» **PROBLEM DESCRIPTION**:
Print, in exact form, the lines below from the one containing "Designed for elevated" through the one containing "- Schaffung einer", and omit all others.

RECORDS PROVIDED START

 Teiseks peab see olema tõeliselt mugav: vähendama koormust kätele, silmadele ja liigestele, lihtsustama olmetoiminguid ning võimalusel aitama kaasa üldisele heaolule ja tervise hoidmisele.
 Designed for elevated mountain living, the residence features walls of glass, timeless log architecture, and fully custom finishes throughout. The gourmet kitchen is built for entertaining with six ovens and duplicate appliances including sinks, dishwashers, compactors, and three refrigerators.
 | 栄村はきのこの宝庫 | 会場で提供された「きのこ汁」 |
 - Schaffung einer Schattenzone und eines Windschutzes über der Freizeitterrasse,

RECORDS PROVIDED END
RECORDS PROVIDED START

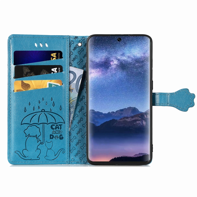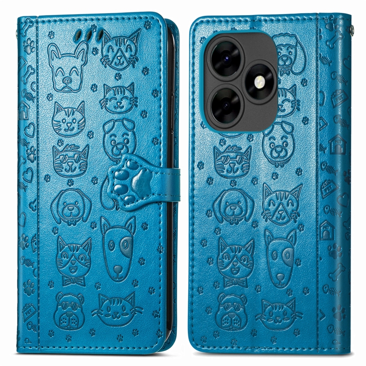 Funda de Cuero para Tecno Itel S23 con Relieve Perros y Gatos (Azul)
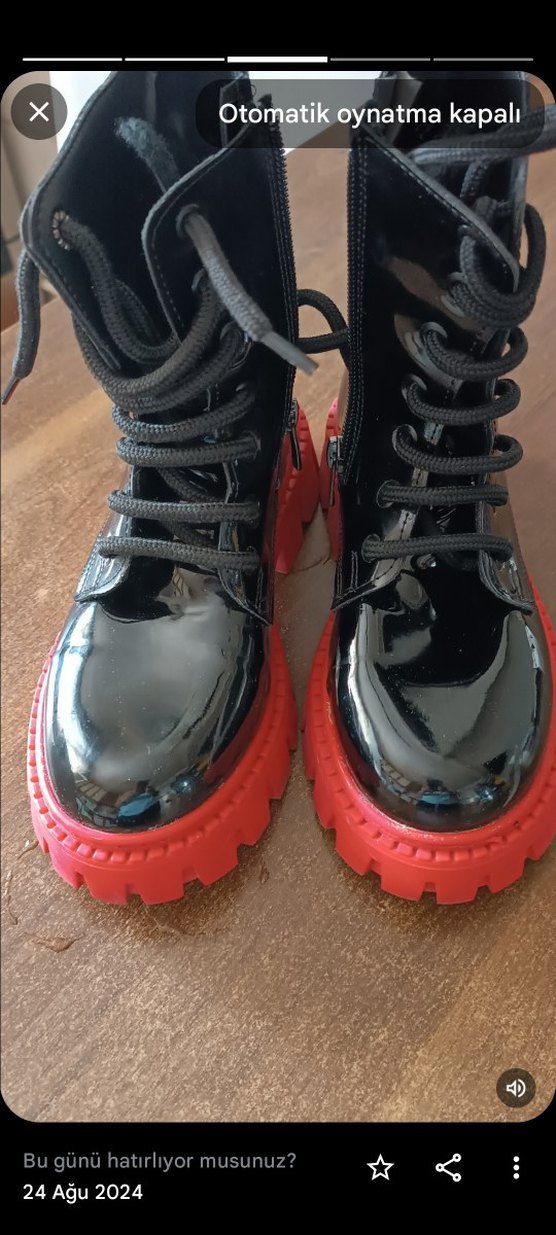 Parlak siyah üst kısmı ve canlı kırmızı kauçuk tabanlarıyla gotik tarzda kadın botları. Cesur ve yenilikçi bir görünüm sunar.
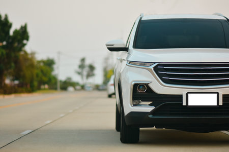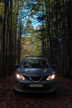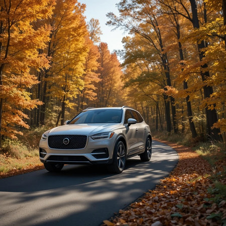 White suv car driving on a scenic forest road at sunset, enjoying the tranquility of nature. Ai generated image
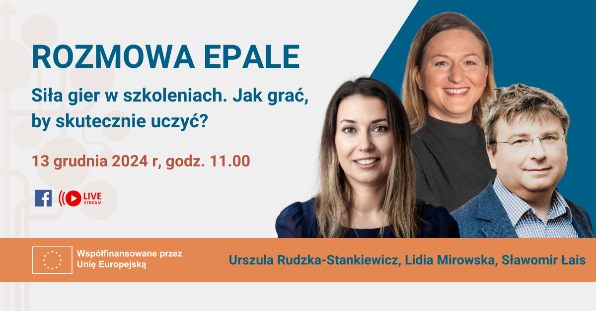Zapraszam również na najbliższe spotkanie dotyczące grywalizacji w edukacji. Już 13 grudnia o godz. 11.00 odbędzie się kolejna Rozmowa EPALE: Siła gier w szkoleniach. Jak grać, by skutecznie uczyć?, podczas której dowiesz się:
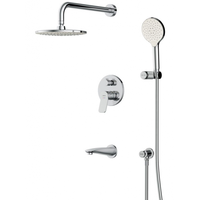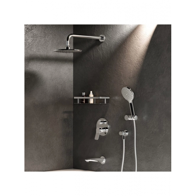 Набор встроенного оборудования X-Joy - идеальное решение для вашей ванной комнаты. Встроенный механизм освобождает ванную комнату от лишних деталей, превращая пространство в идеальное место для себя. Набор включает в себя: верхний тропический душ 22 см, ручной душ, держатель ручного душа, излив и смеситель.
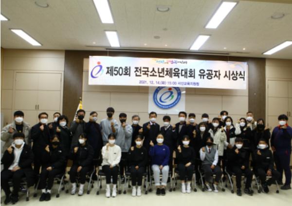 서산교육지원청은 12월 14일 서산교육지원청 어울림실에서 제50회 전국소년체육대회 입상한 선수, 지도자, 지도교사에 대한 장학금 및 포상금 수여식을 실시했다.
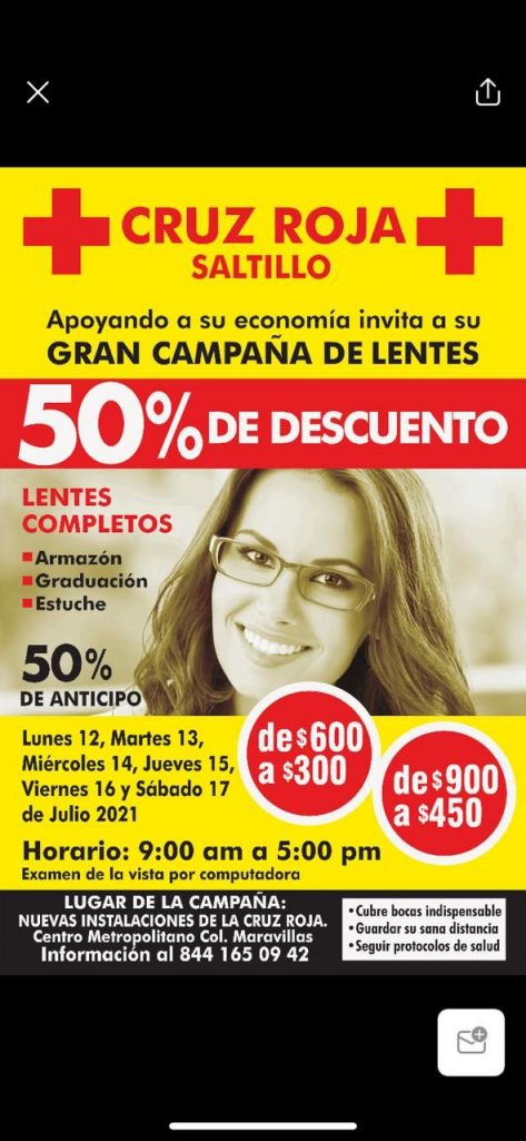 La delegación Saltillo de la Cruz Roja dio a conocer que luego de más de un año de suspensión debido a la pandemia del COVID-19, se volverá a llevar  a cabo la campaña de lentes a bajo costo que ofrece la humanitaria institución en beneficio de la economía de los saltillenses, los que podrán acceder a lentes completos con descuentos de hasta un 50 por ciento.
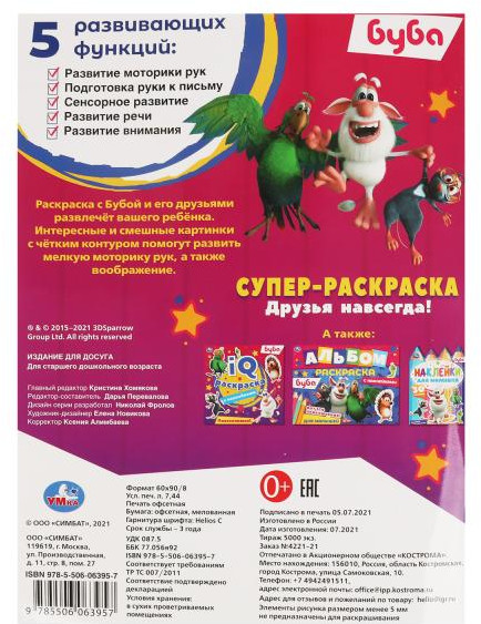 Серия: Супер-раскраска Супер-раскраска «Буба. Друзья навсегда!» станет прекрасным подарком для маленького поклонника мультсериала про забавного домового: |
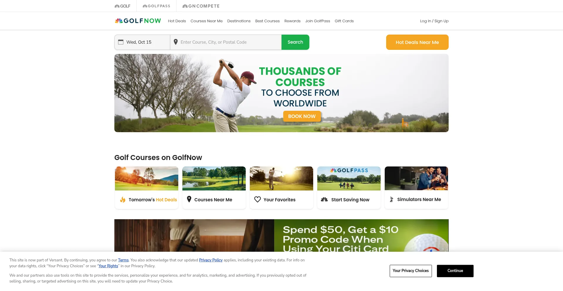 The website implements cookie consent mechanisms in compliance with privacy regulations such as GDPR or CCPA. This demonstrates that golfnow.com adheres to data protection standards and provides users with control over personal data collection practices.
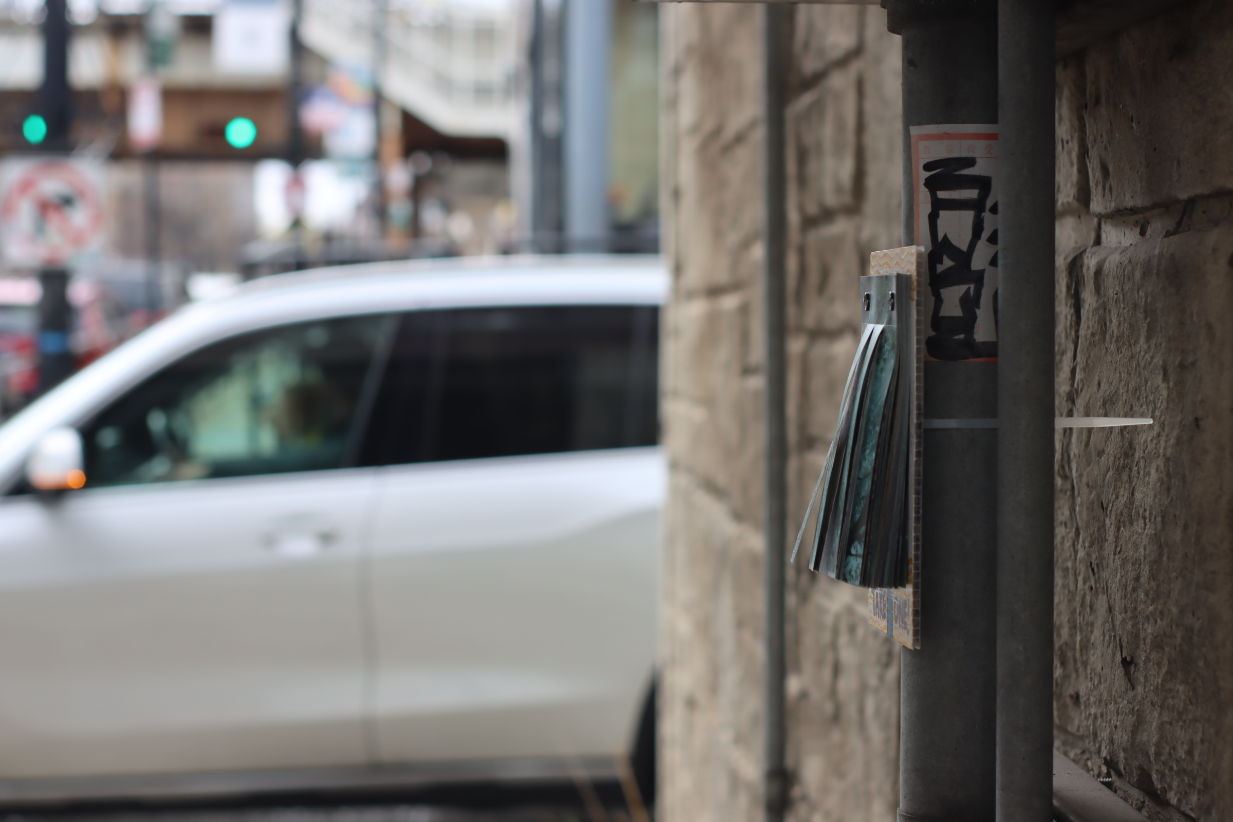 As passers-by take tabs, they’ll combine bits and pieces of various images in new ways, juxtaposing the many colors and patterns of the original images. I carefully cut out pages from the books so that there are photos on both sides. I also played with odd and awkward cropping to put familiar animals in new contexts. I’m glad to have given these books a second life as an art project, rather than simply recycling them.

RECORDS PROVIDED END

» **RESULT OF THIS TASK**:
 Designed for elevated mountain living, the residence features walls of glass, timeless log architecture, and fully custom finishes throughout. The gourmet kitchen is built for entertaining with six ovens and duplicate appliances including sinks, dishwashers, compactors, and three refrigerators.
 | 栄村はきのこの宝庫 | 会場で提供された「きのこ汁」 |
 - Schaffung einer Schattenzone und eines Windschutzes über der Freizeitterrasse,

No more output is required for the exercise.